J Chicago, with reply from Alexander Simonelis
I believe male/female trends in spatial ability are observed (on the average, of course, which might have an evolutionary basis, but also, if present, might have a direct impact)? … Or other fields where spatial ability is relevant — maybe also some kinds of engineering, physics, chemistry? [Simonelis, in reply: "Not to mention math and structural engineering."]
A pattern is now visible. The original op-ed advanced empirical claims that did not survive a careful look at the cited literature. When the gaps were pointed out — paragraph by paragraph, with citations — the response was to repost the op-ed with hyperlinks added and to append an editor's note dominated by personal characterization rather than empirical engagement. The comment section then reproduced the original arithmetic error and added a few new threads: a spatial-ability framing that ignores effect-size variation and training data, an asymmetry-of-concern claim that overlooks decades of public discourse, and an anecdote about engineer fathers that fits the role-model mechanism at least as well as the innate-preference one.

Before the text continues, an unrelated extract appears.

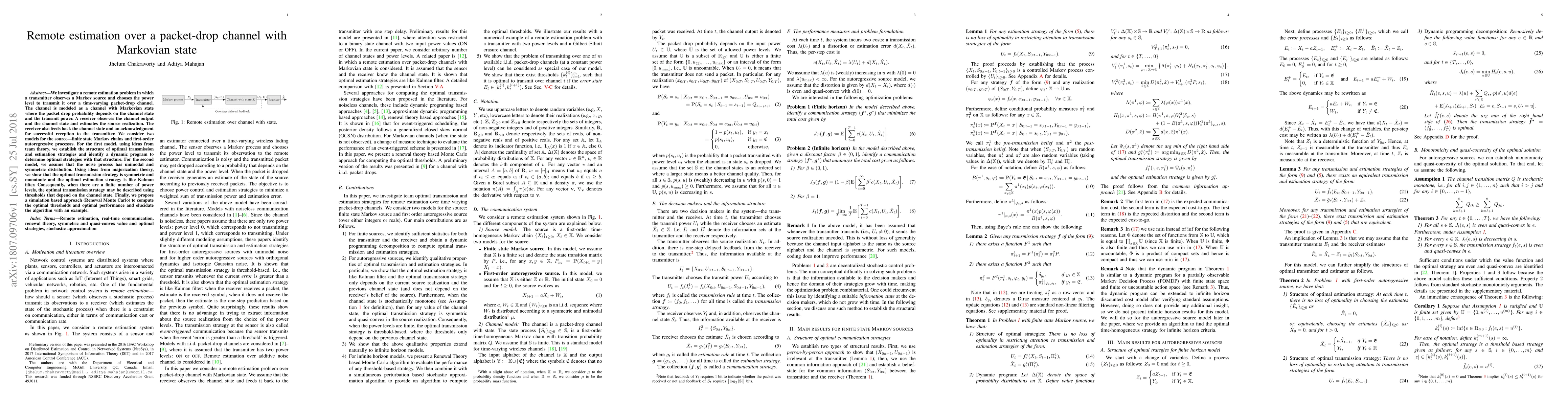 This paper explores remote estimation over a packet-drop channel with Markovian state, focusing on the transmitter's power level choice and the receiver's estimation of a Markov source. The authors develop optimal strategies using team theory and majorization theory for finite state Markov chains and autoregressive processes, respectively, and propose a simulation-based approach to compute optimal thresholds.

None of this is a substantive rebuttal. A real reply to the original annotation would have to grapple with what Su, Rounds, & Armstrong (2009) actually measured, with Porter & Serra's (2020) experimental result, with the Stoet & Geary (2019) corrigendum and the Richardson et al. (2020) reanalysis, with the AEA (2019) climate survey numbers, and with the ecological-fallacy structure of the math argument. Until that engagement appears, the original 28 objections stand.